Но все это принципиально в корне отличается от тех фиктивных «сокращений» и «замедлений» по Лоренцу — Фицджеральду, о которых говорилось раньше. Те эффекты, которые искал Лоренц, должны были разыгрываться в эфире и в абсолютных (не существующих в природе) пространстве и времени. Явления, же изменения длин и времен, открытые Эйнштейном, имеют совершенно иной физический смысл. Они возникают в процессе движения каждого тела лишь по отношению к тем материальным «площадкам», которые покоятся относительно данной.

Разберем этот вопрос более подробно, учитывая, что именно здесь находится «сердце» новой механики Эйнштейна и ключ к ее пониманию.

Во-первых, существенно то, что законы эйнштейновской механики управляют движением не изолированных тел (существующих лишь в крайней абстракции), а предметов, движущихся относительно друг друга, то есть механически между собой связанных. Уже одно это обстоятельство делает картину мира, рисуемого теорией относительности, более точным снимком, слепком с объективной действительности, нежели картина мира ньютоновской механики. И, во-вторых, это позволяет рассеять сомнения, возникающие порой при начальном ознакомлении с эйнштейновской теорией. Подлинно ли реальны «релятивистские»[18] эффекты пространства и времени? Не являются ли только кажущимися те изменения длин и времен, с которыми имеет дело теория? Ведь они возникают в зависимости от «точки зрения» и исчезают при перемене этой последней?

Ответ ясен: бесспорно, все указанные изменения вполне реальны, но они касаются не одного изолированного материального предмета, а возникают в рамках связи двух или большего числа тел. Неверно, другими словами, утверждать, что равномерно и прямолинейно перемещающееся. тело укорачивается вследствие факта своего движения. Но будет правильно сказать, что в системе двух взаимно-перемещающихся тел все пространственные размеры[19] (и все интервалы времени) меняются в зависимости от того, к какой из двух «площадок» соотносится движение.

В природе, кстати говоря, можно найти немало примеров величин, чье реальное значение возникает лишь в рамках взаимосвязи тел. Вот, скажем, угловой поперечник лунного диска на небе. Этот поперечник (как и сам диск) существует лишь постольку, поскольку Луна «просматривается» с какого-то другого небесного тела (будь, то с Земли или с ракеты-звездолета). Чем ближе подлетит ракета к земному спутнику, тем большую часть ее неба займет лунный диск. И все это будет происходить совершенно независимо от того, находятся или нет на ракете пассажиры с их зрительными приборами, ощущениями и т. д. Или возьмем полные затмения Солнца (зависящие от случайного совпадения угловых диаметров солнечного и лунного дисков на земном небе). Никто не сомневается, что затмения реально происходят и происходили на Земле и тогда, когда на ней не было ни людей, ни живой материи. С другой же стороны, если бы расстояния между небесными телами в системе Солнце — Земля — Луна были иными, тогда затмения[20] вообще стали бы невозможными!

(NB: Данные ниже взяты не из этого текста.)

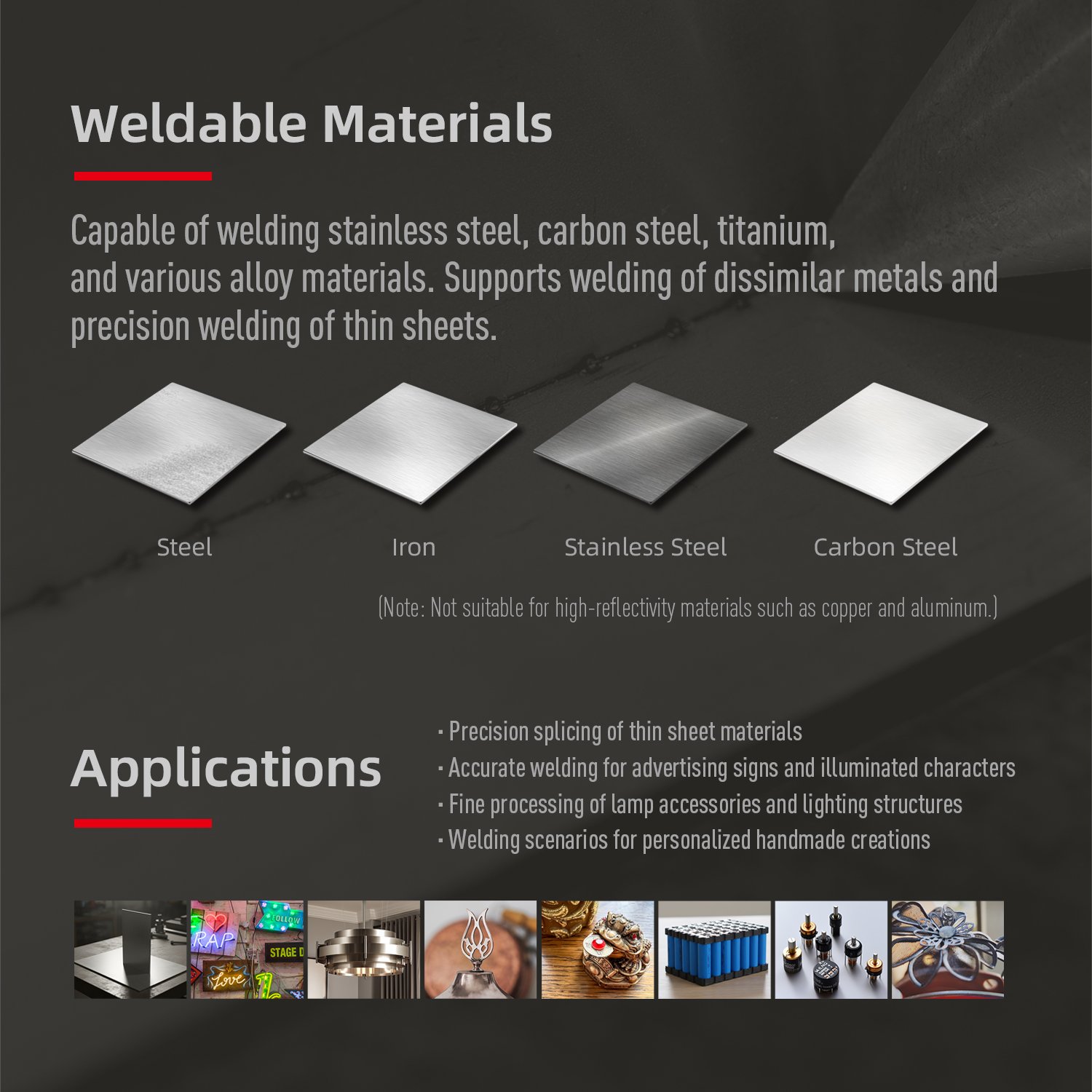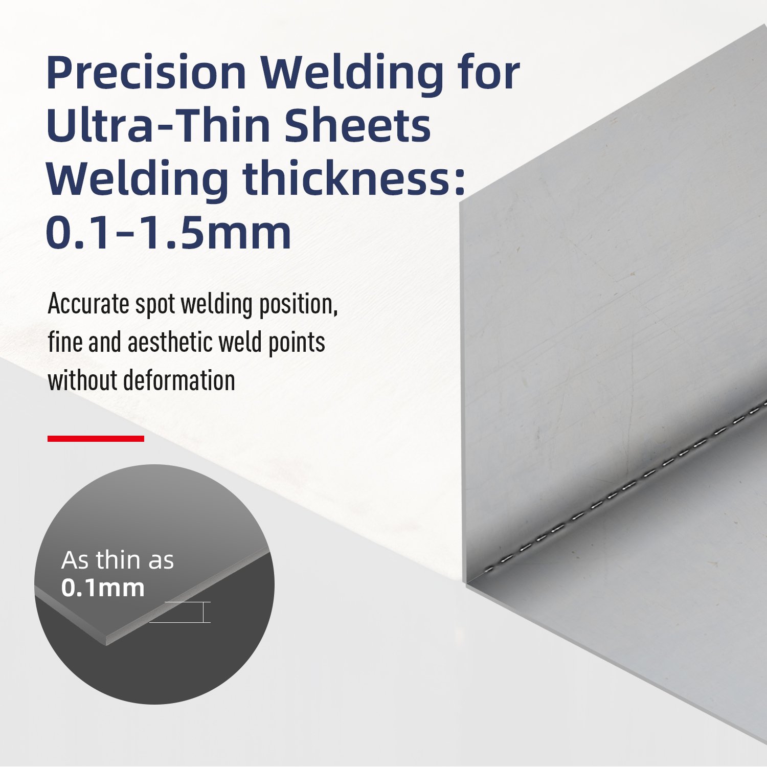 • Ultra-thin Precision Welding: Suitable for 0.1-1.5mm thin plate welding, advertising lettering, lighting products, and DIY crafts with mark-free backside forming.

Все, что сказано о реальности изменений углового поперечника материальных предметов, в еще более широком смысле верно и для таких коренных форм бытия материи, как «собственные» размеры и временные интервалы движущихся тел.

Итак, вместо «единого» пространства и «единого» времени, распростертых вне и над материей, налицо столько объективно-реальных «пространств» и столько «времен», сколько существует движущихся материальных тел! В рамках этой новой картины изменился немедленно и закон сложения скоростей тел. Стало невозможным складывать скорости так просто, как складывается, скажем, скорость лестницы эскалатора со скоростью пешехода, шагающего по ней. Закон сложения скоростей в новой механике оказался более сложным, чем в старой. Скорость света при этом заняла особое положение: постоянной[21] и не суммируемой с другими скоростями величины. Она расшифровалась, кроме того, как предельная скорость в области равномерных и прямолинейных перемещений тел.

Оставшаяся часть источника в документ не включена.